## What is expected
Without pictures, retype the following entries exactly.

## Records for the exercise
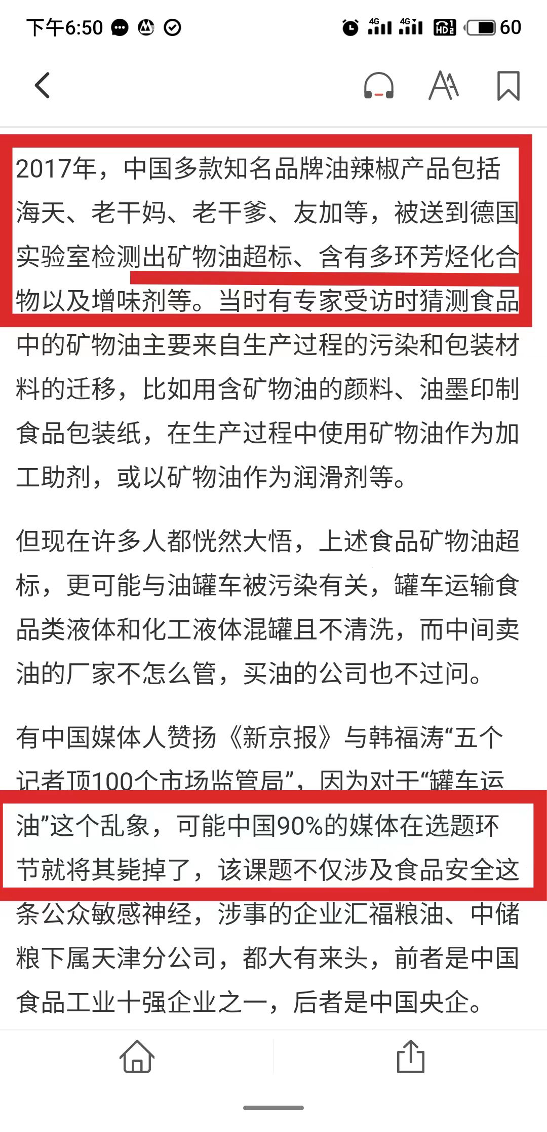 这个还大概率不是全国现象。多数大厂都是用的固定的车队,罐体都是喷了字“食用油专用”之类的,这些运输公司为了他的资质,一般也不大会去拉非食品类的物料的,当然相对来说运费也贵一些。在市场随便找散罐车拉油的,主要是一些中小规模的厂家、食品厂,为了便宜不愿意用大厂的车队,就像报道里汇福说的,是客户的自提车辆,不是他们的车。国务院成立调查组说明他们没你这么有信心是偶发的
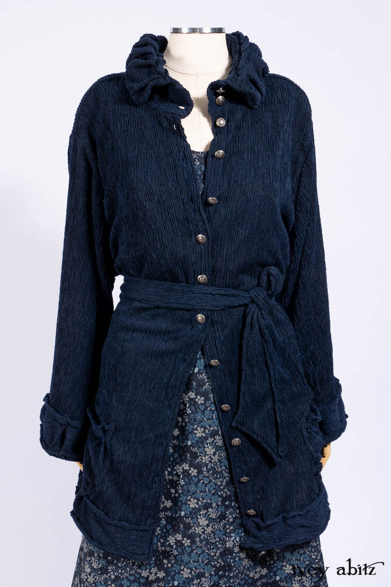 - Gabled Shirt Jacket in Hudson River Silky Crinkled Weave
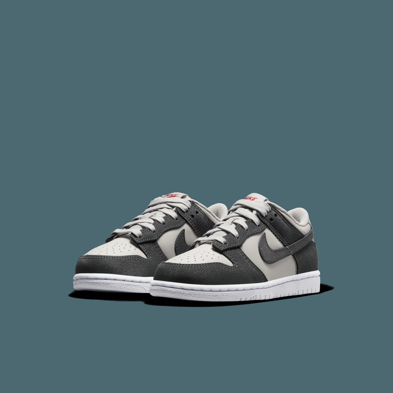 The Nike Kids Dunk Low HF “Iron Ore” brings the classic hoops icon to little feet with durable construction and timeless style. Crafted from a mix of real and synthetic leather for lasting wear, this kids’ sneaker features the signature padded collar, tongue, and toe perforations for an authentic Dunk look. A subtle shine in the accents adds just the right touch of sparkle, while the full-length rubber outsole with classic cupsole construction delivers reliable traction and support for all-day play. Perfect for everyday adventures, it’s a slam dunk in both comfort and style.
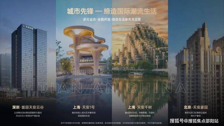 城市先锋:集团在北京、上海及深圳均有深厚的豪宅与地标开发经验,例如:上海天安一号,以及上海知名地标建筑“天安千树”,北京的天安豪园;
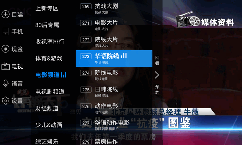 4.除了电视直播频道,还有一些电视剧频道、电影频道,里面有各种专题、类型电视剧和电影,比如院线大片、抗战大片、华语院线、动作电影、票房最佳、华语动作电影等等。
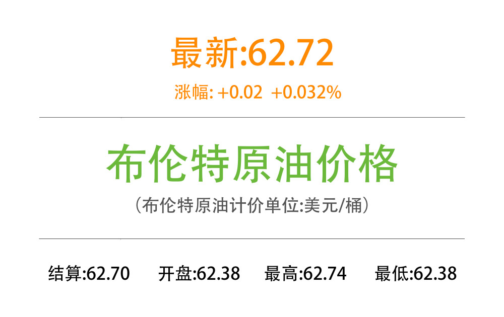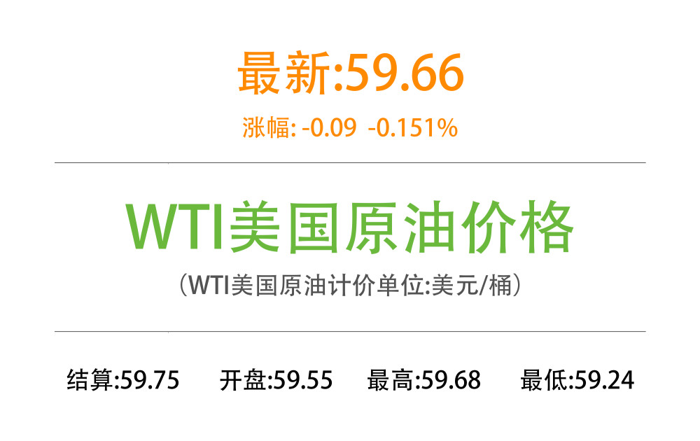 3月2日,WTI美国原油期货市场价格下跌,主力合约结算价报59.75美元/桶,涨幅-0.89美元;布伦特原油期货市场价格下跌,主力合约结算价报62.70美元/桶,涨幅-0.99美元。
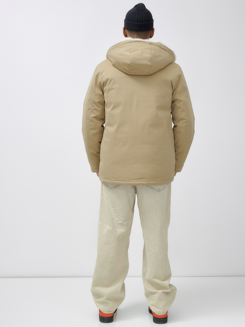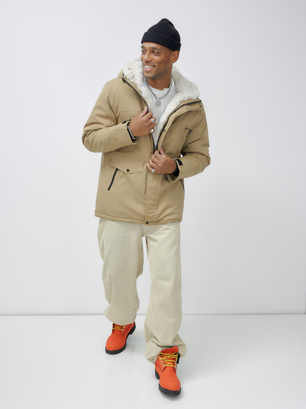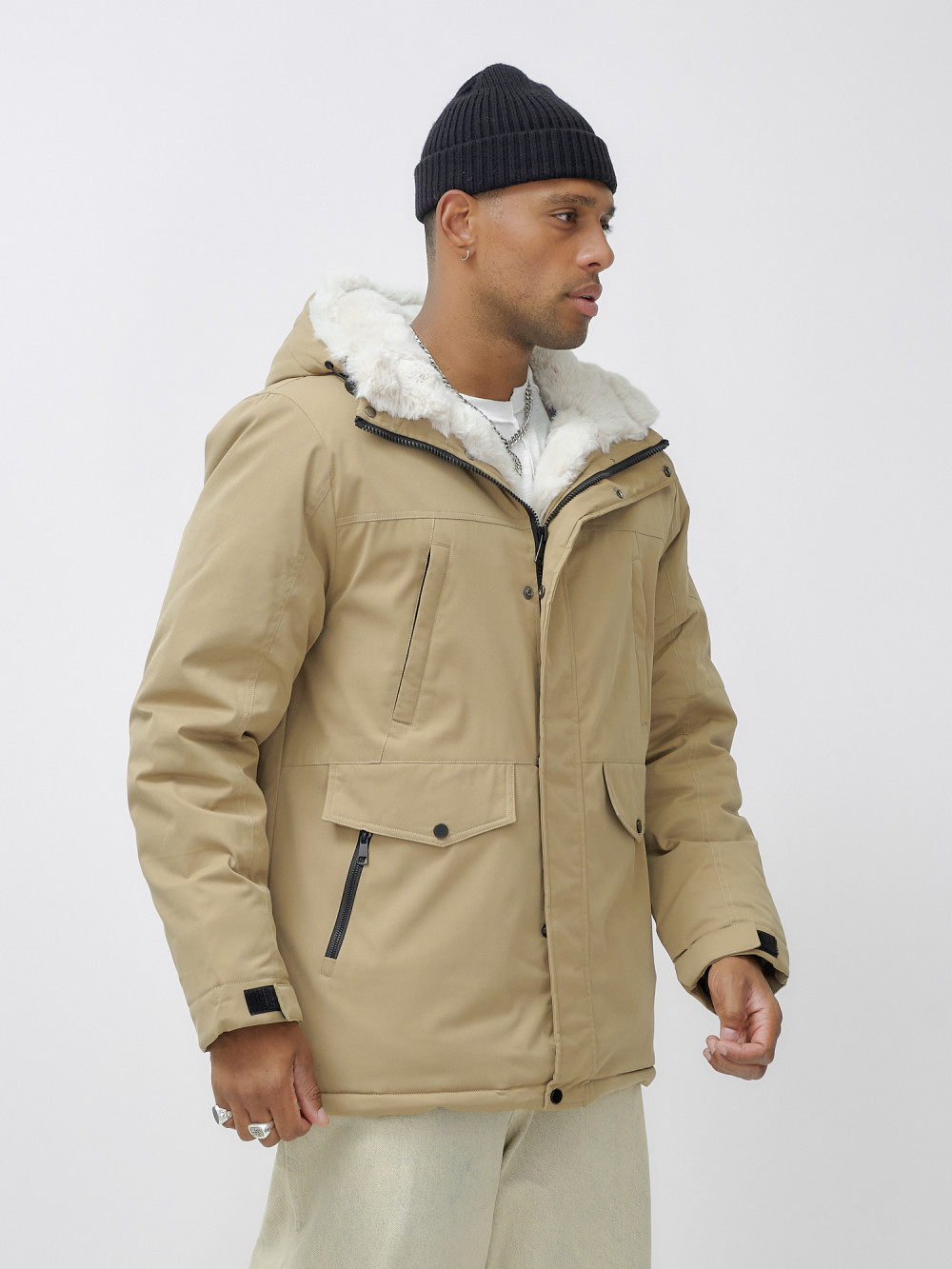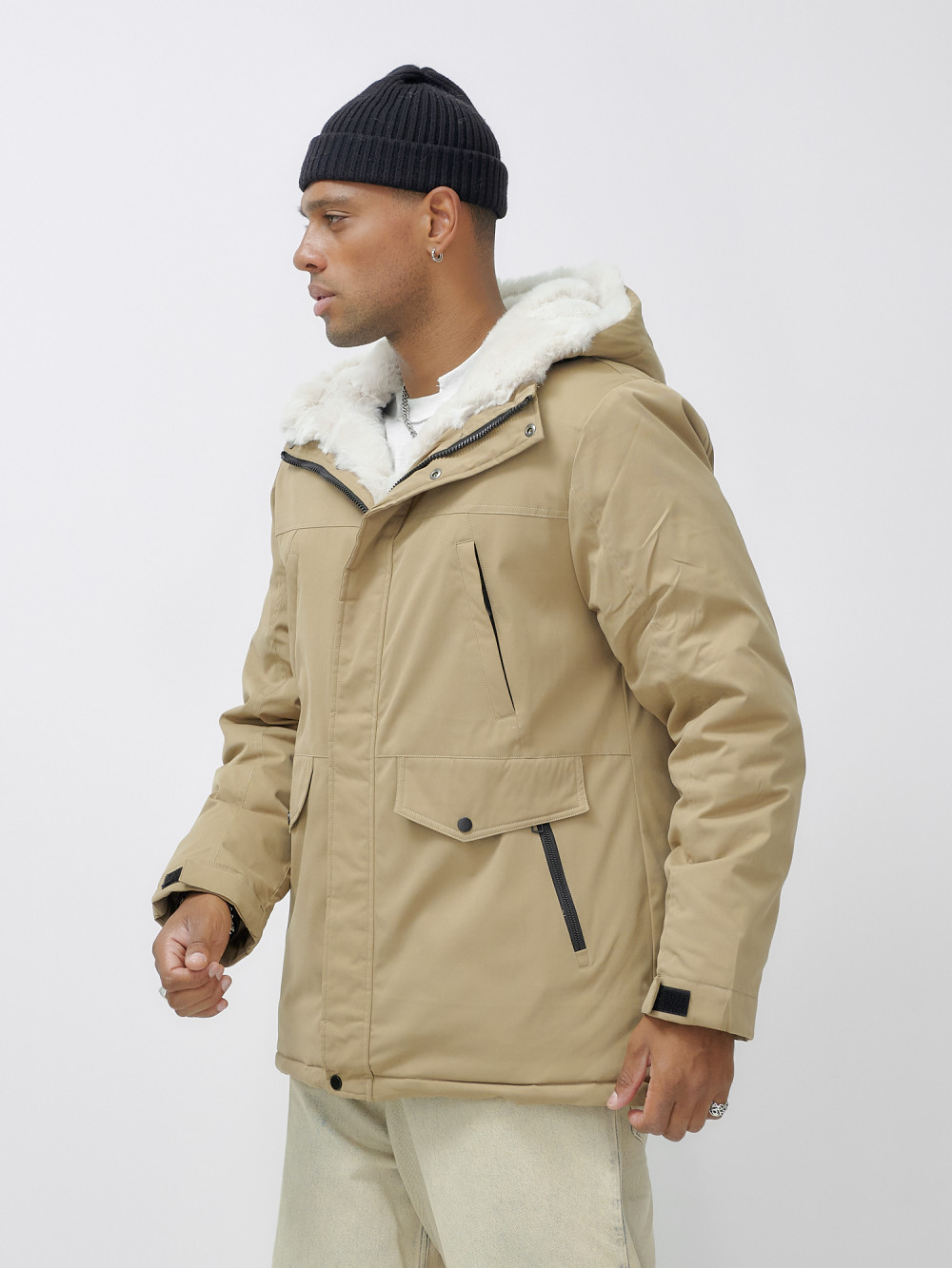 Парка мужская зимняя удлиненная с мехом горчичного цвета 8755G
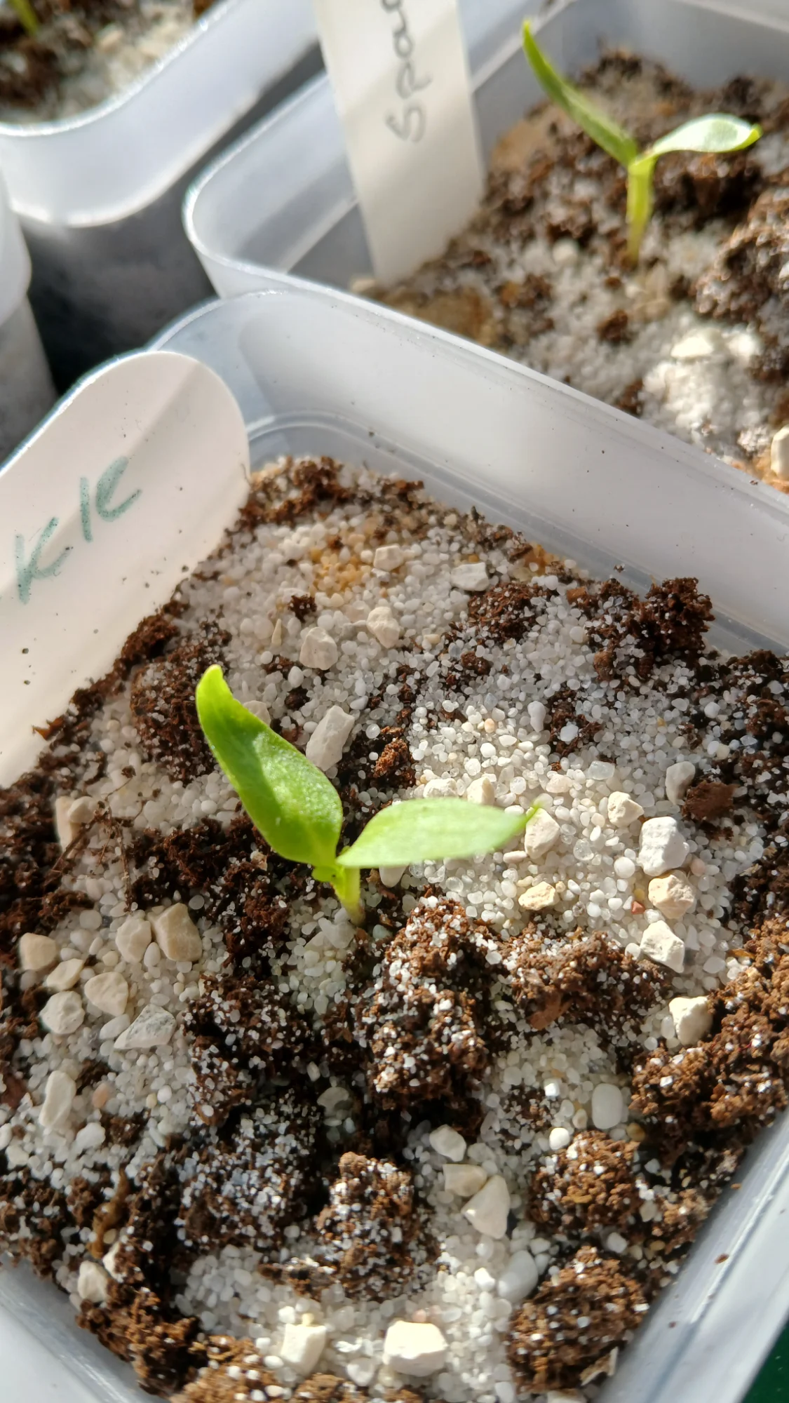 Oh ja der sieht schon sehr sehr mini aus, sind die gleichzeitig aus der Erde gekommen oder kam der kleine etwas später, manchmal täuscht das ja auch, weil die ersten schnell wachsen, wobei der wirklich mini aussieht.
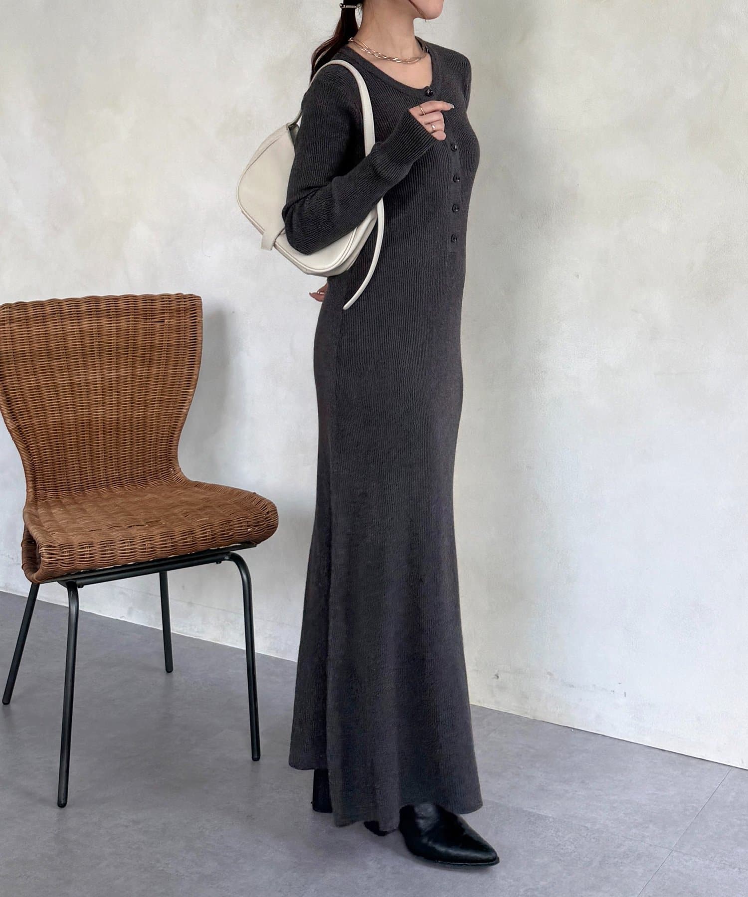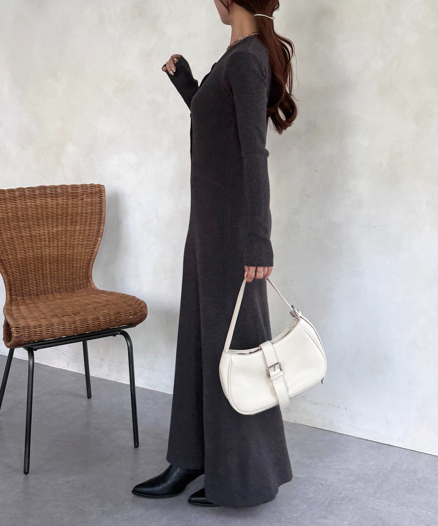 #ニットワンピース #ヘンリーネック #リブニット #ワンピース#きれいめ

## Exercise output
 这个还大概率不是全国现象。多数大厂都是用的固定的车队,罐体都是喷了字“食用油专用”之类的,这些运输公司为了他的资质,一般也不大会去拉非食品类的物料的,当然相对来说运费也贵一些。在市场随便找散罐车拉油的,主要是一些中小规模的厂家、食品厂,为了便宜不愿意用大厂的车队,就像报道里汇福说的,是客户的自提车辆,不是他们的车。国务院成立调查组说明他们没你这么有信心是偶发的
 - Gabled Shirt Jacket in Hudson River Silky Crinkled Weave
 The Nike Kids Dunk Low HF “Iron Ore” brings the classic hoops icon to little feet with durable construction and timeless style. Crafted from a mix of real and synthetic leather for lasting wear, this kids’ sneaker features the signature padded collar, tongue, and toe perforations for an authentic Dunk look. A subtle shine in the accents adds just the right touch of sparkle, while the full-length rubber outsole with classic cupsole construction delivers reliable traction and support for all-day play. Perfect for everyday adventures, it’s a slam dunk in both comfort and style.
 城市先锋:集团在北京、上海及深圳均有深厚的豪宅与地标开发经验,例如:上海天安一号,以及上海知名地标建筑“天安千树”,北京的天安豪园;
 4.除了电视直播频道,还有一些电视剧频道、电影频道,里面有各种专题、类型电视剧和电影,比如院线大片、抗战大片、华语院线、动作电影、票房最佳、华语动作电影等等。
 3月2日,WTI美国原油期货市场价格下跌,主力合约结算价报59.75美元/桶,涨幅-0.89美元;布伦特原油期货市场价格下跌,主力合约结算价报62.70美元/桶,涨幅-0.99美元。
 Парка мужская зимняя удлиненная с мехом горчичного цвета 8755G
 Oh ja der sieht schon sehr sehr mini aus, sind die gleichzeitig aus der Erde gekommen oder kam der kleine etwas später, manchmal täuscht das ja auch, weil die ersten schnell wachsen, wobei der wirklich mini aussieht.
 #ニットワンピース #ヘンリーネック #リブニット #ワンピース#きれいめ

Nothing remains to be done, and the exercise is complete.